14 Mar

The European Commission has approved an unjustifiably optimistic assessment of the functioning of the Recovery Fund, while the disbursement of these funds is extremely cumbersome and slow, Finance Minister Mihály Varga pointed out in a statement to MTI in Brussels on Tuesday.


Arriving at a meeting of the EU’s finance and economy ministers, Varga Mihály said: Hungary has a number of problems with the functioning of the Recovery and Resilience Instrument (RRF): while a third of the available time has already passed, only a fifth of the funds have been allocated. The minister pointed out that five Member States, including Hungary, have not received any of the funds so far. The minister stressed that by withholding the funds, the European Commission had damaged Hungary's competitiveness and interfered in the economic competition among Member States. Hungary achieved economic growth of 4.6% last year, well above the EU average. If it had received the recovery funds it was entitled to, the Hungarian economy would have grown by more than 5 percent, the finance minister stressed.

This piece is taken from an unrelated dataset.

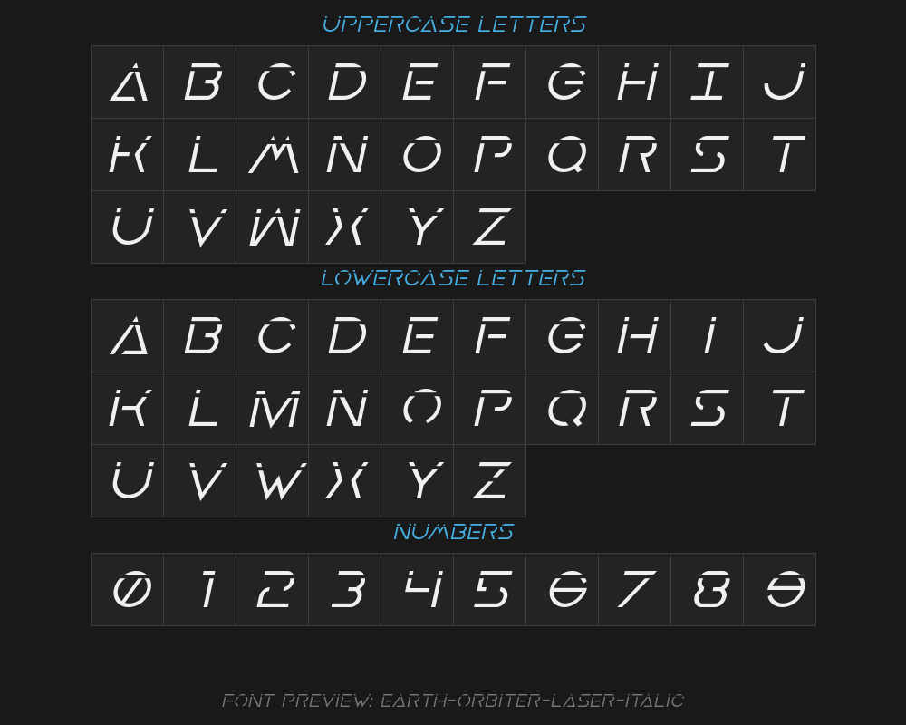 | AboutFont | Earth Orbiter Laser Italic 2016 |

Mihály Varga also said that the procedure for assessing payment applications is extremely cumbersome and bureaucratic. Based on the applications submitted so far, Member States have made only marginal use of RRF loans. This clearly shows that Member States are distrustful of the Brussels solutions, he said.

The finance minister said that, in addition to these criticisms, it is rarely mentioned that the joint borrowing, with the large volume of Commission bond issuance behind it, could have drawbacks such as the possible exhaustion of credit markets. This could mean that individual Member States would get less access to resources on their own, he said.

To sum up, Mihály Varga underlined that these are the general reasons why the Hungarian government considers the RRF a single use instrument and strongly opposes to the creation of further instruments involving joint EU loans.

Regarding the collapse of the US Silicon Valley Bank, the minister said that in Hungary banks have good capital adequacy ratios. All of the last three ratings show that the Hungarian banking system is strong and viable. "We can face the current situation calmly, the exposure is remote, possibly only some US and European banks may have been affected," the finance minister stressed.